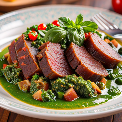 Привет, друзья! Сегодня я хочу поделиться с вами невероятно вкусным рецептом говядины в аргентинском соусе чимичурри. Этот соус, полный ароматических трав и специй, просто взорвет ваши вкусовые рецепторы! А говядина, пропитанная этим сочным соусом, просто тает во рту. Готовы окунуться в мир аргентинской кулинарии? Давайте начнем! **Ингредиенты:** - 800 г говядины (можно взять вырезку, рибай или любую другую сочную часть) - 1/2 стакана оливкового масла - 1/4 стакана красного винного уксуса - 4 зубчика чеснока, измельченных - Сок половины лимона - 1/4 стакана свежеизмельченной петрушки - 1/4 стакана свежего кинзы - 1 чайная ложка сушеного орегано - 1/2 чайной ложки красного перца - Соль и свежемолотый черный перец по вкусу **Инструкции:** 1. Приготовьте соус чимичурри, смешав в миске оливковое масло, красный винный уксус, измельченный чеснок, сок лимона, петрушку, кинзу, орегано, красный перец, соль и перец. Оставьте соус в стороне, чтобы он пропитался ароматами трав. 2. Разогрейте г
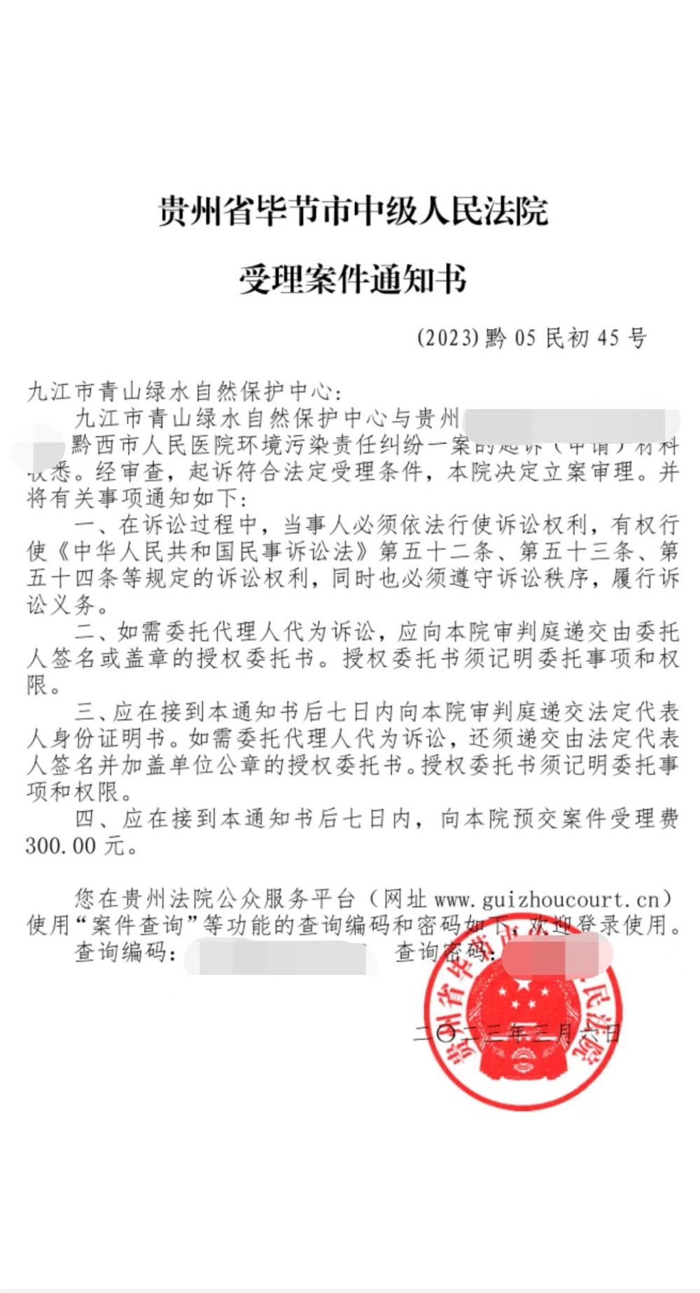 近日,华商报大风新闻记者从九江市青山绿水自然保护中心获悉,该中心诉黔西市人民医院环境污染责任纠纷一案,毕节市中院已立案,目前正等法院开庭审理。
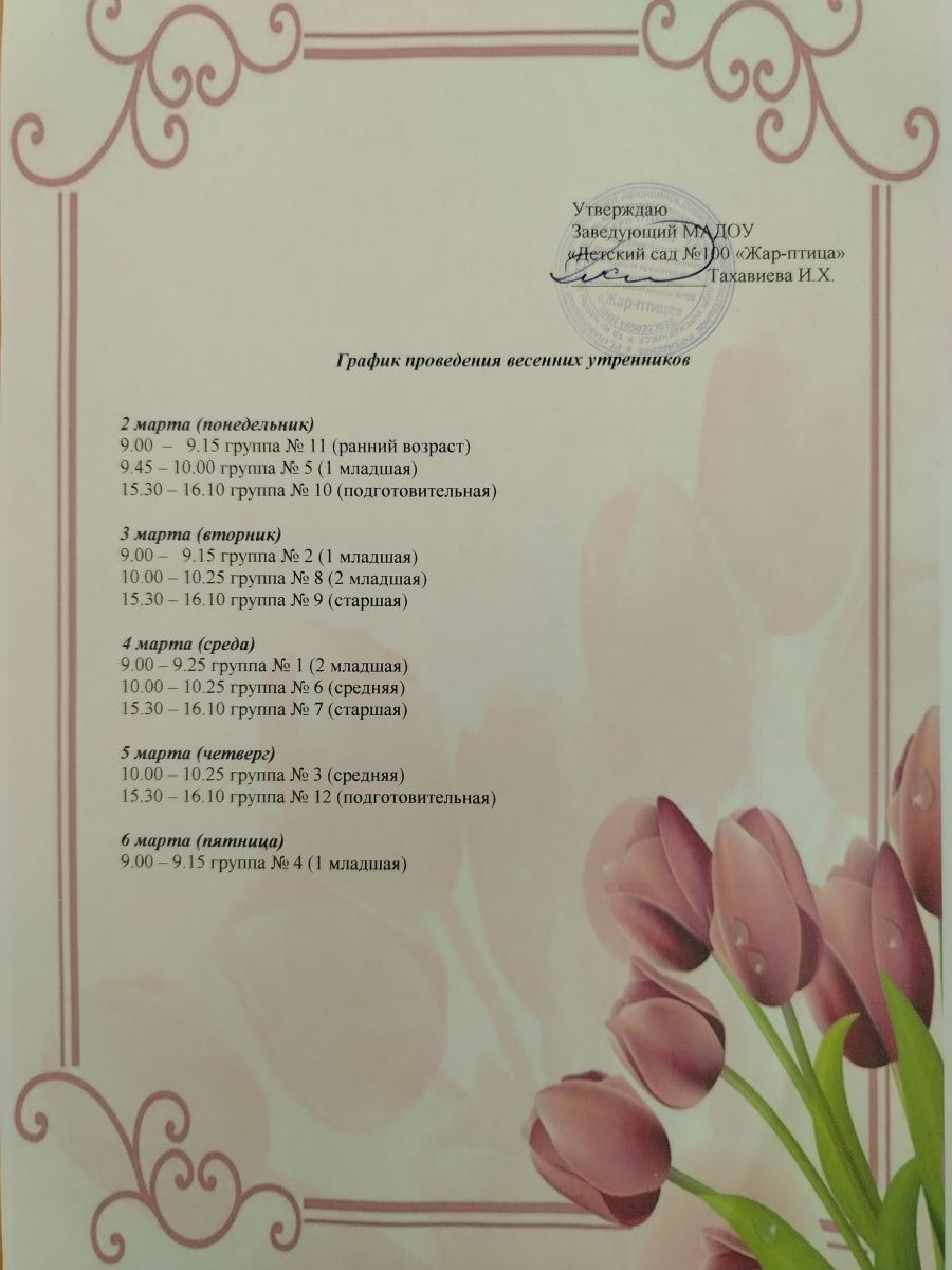 Расписание утренников, посвящённых Международному дню 8 Марта 24.02.2026
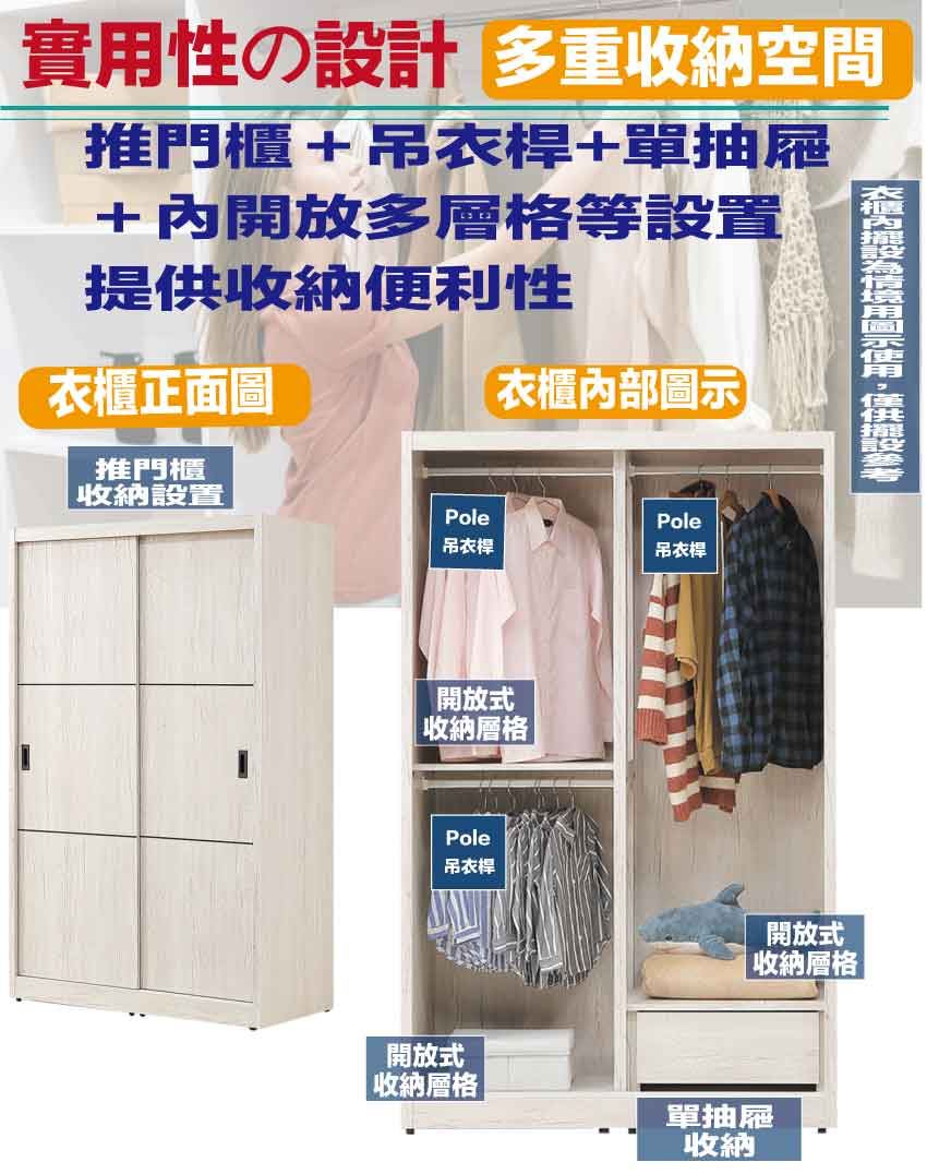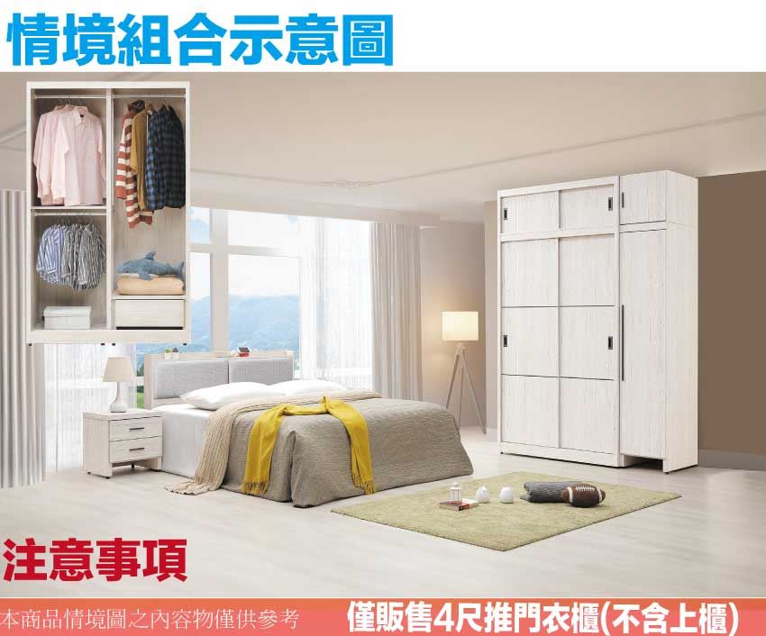 - ◆產品名稱:【綠家居】得卡利4尺推門衣櫃
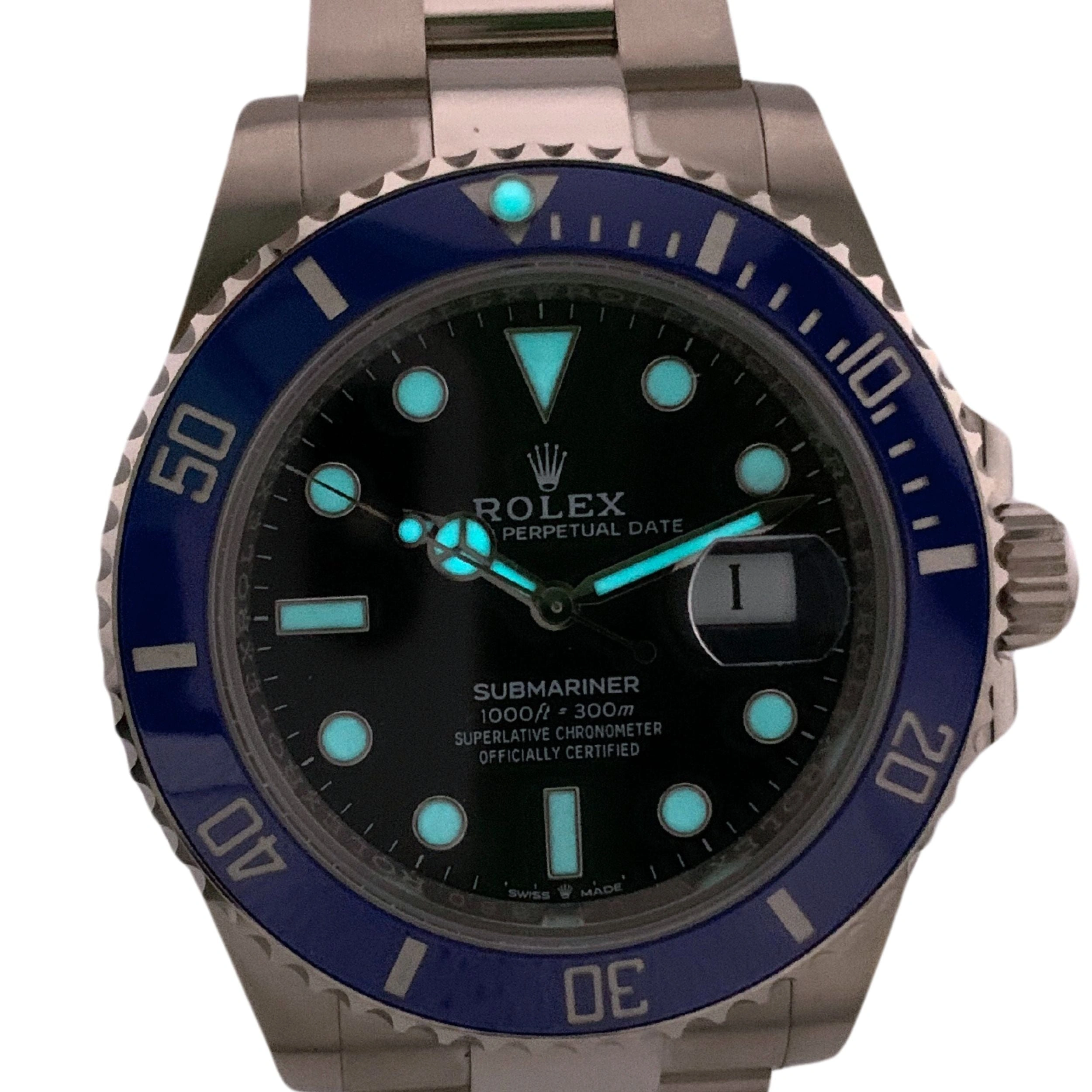Introduced in 2020, the Rolex Submariner reference 126619LB-0003 has a White Gold case of 41.00mm, which is ever-so slightly larger than the previous generation. Power comes from the self-winding caliber 3235. The dial is Black, whilst the 'Cerachrom' bezel insert is blue.

###

● **Task instructions**
Please reproduce every entry above exactly, but leave out the pictures.

● **Completed task**
 Привет, друзья! Сегодня я хочу поделиться с вами невероятно вкусным рецептом говядины в аргентинском соусе чимичурри. Этот соус, полный ароматических трав и специй, просто взорвет ваши вкусовые рецепторы! А говядина, пропитанная этим сочным соусом, просто тает во рту. Готовы окунуться в мир аргентинской кулинарии? Давайте начнем! **Ингредиенты:** - 800 г говядины (можно взять вырезку, рибай или любую другую сочную часть) - 1/2 стакана оливкового масла - 1/4 стакана красного винного уксуса - 4 зубчика чеснока, измельченных - Сок половины лимона - 1/4 стакана свежеизмельченной петрушки - 1/4 стакана свежего кинзы - 1 чайная ложка сушеного орегано - 1/2 чайной ложки красного перца - Соль и свежемолотый черный перец по вкусу **Инструкции:** 1. Приготовьте соус чимичурри, смешав в миске оливковое масло, красный винный уксус, измельченный чеснок, сок лимона, петрушку, кинзу, орегано, красный перец, соль и перец. Оставьте соус в стороне, чтобы он пропитался ароматами трав. 2. Разогрейте г
 近日,华商报大风新闻记者从九江市青山绿水自然保护中心获悉,该中心诉黔西市人民医院环境污染责任纠纷一案,毕节市中院已立案,目前正等法院开庭审理。
 Расписание утренников, посвящённых Международному дню 8 Марта 24.02.2026
 - ◆產品名稱:【綠家居】得卡利4尺推門衣櫃
Introduced in 2020, the Rolex Submariner reference 126619LB-0003 has a White Gold case of 41.00mm, which is ever-so slightly larger than the previous generation. Power comes from the self-winding caliber 3235. The dial is Black, whilst the 'Cerachrom' bezel insert is blue.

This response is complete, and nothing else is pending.